The city targets poorer neighborhoods for entry into workforce development programs like CityBuild Academy, a city-funded construction training program, and encourages contractors to ensure half of the local hires are “disadvantaged workers.” The results are mixed: San Francisco data shows that over a third of the roughly 3,400 San Franciscans hired for publicly funded construction projects in the past five years came from just two zip codes. One is among the city’s poorer zip codes, with a median income of $49,945, while the other is more middle-class, with a median income of $72,545 according to the US Census.

Nevertheless, San Francisco sees its policy as a success, and has been explaining its strategy at conferences across the country (including to members of the de Blasio administration, Nim says). Before 2011, when San Francisco had a policy requiring employers make a “good faith effort” to hire 50 percent of their employees from local residents, the rate of local hiring was in effect 20 percent, according to Eddie Ahn, a lawyer at Brightline Defense, an organization that advocated for the adoption of the policy. Today, employers are exceeding the 30 percent local hiring requirements, providing 45 percent of positions to local residents.

Nim says the city crafted their policy to avoid legal challenges, and has assuaged contractors by working hard to provide them with easy access to qualified employees. In general, courts have looked favorably on local hiring provisions when municipal governments can prove there is a legitimate justification for discriminating against non-state residents, and when the government can argue it is acting as a “market participant” rather than a “market regulator”—in other words, when the city is merely adding specifications to contracts, rather than trying to police commerce. Yet what constitutes a “market participant” is not sharply defined, with different US Supreme Court cases offering varying interpretations of the phrase.

San Francisco is not the only city with mandated local hiring requirements. Detroit requires that developers of construction projects funded wholly or in part by the city ensure 51 percent of the workforce lives in Detroit. Pasedena and Cleveland and specific projects in other cities have local hiring mandates for projects funded in part by the city. (Hoping to override Cleveland’s policy, the Ohio State legislature passed legislation earlier this year banning all local governments from instituting local hiring requirements for public projects. Cleveland is appealing the state law.)

What about private projects?

These policies suggest that at the very least, it is unwise for New York to outright dismiss the possibility of instituting some kind of legal requirement for local hiring. But rezoning neighborhood advocates have another demand, too: They want local hiring requirements tied not just to city-subsidized projects, but to all projects that benefit from an upzoning. The de Blasio administration has repeatedly expressed concerns about the legality of such requirements, but is currently awaiting the results of a feasibility study that will address the issue.
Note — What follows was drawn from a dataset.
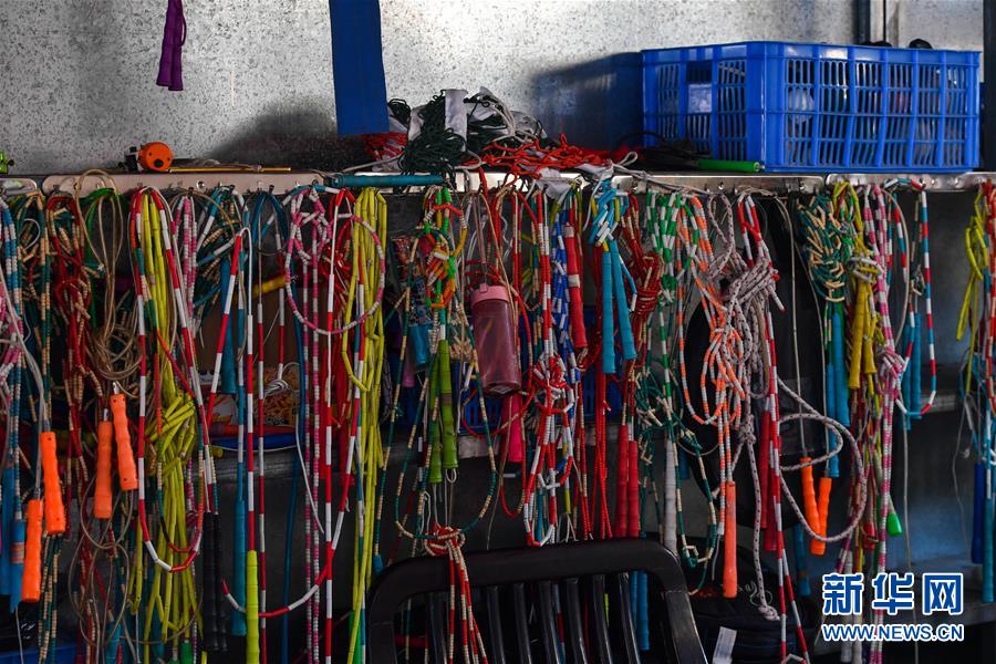 跳绳运动已经深深融入七星小学的日常,器材室里摆放的跳绳(2019年11月18日摄)。新华社记者刘大伟摄

Los Angeles residents, however, just voted to approve a ballot initiative this November that ties local hiring efforts to zoning. Ballot “JJJ” requires that developers who apply for zoning changes provide affordable housing (similar to de Blasio’s mandatory inclusionary housing law), that they pay prevailing wages, and that they make a “good faith effort” to ensure 30 percent of their workers are Los Angeles residents.

Mariana Huerta Jones, an organizer with the Alliance for Community Transit Los Angeles, said that Los Angelinos got tired of waiting for their elected officials to take action on the issue. And JJJ’s victory may have been propelled by the perception that it was a more friendly alternative to a competing measure that will be put forth by other community groups this March. That measure calls for a moratorium on all market-rate housing development for two years until the city can come up with a citywide plan for future development that respects concerns and local community visions.

Developers oppose both measures, and the Real Deal reports that developers are seeking ways to challenge JJJ and the other ballot initiative.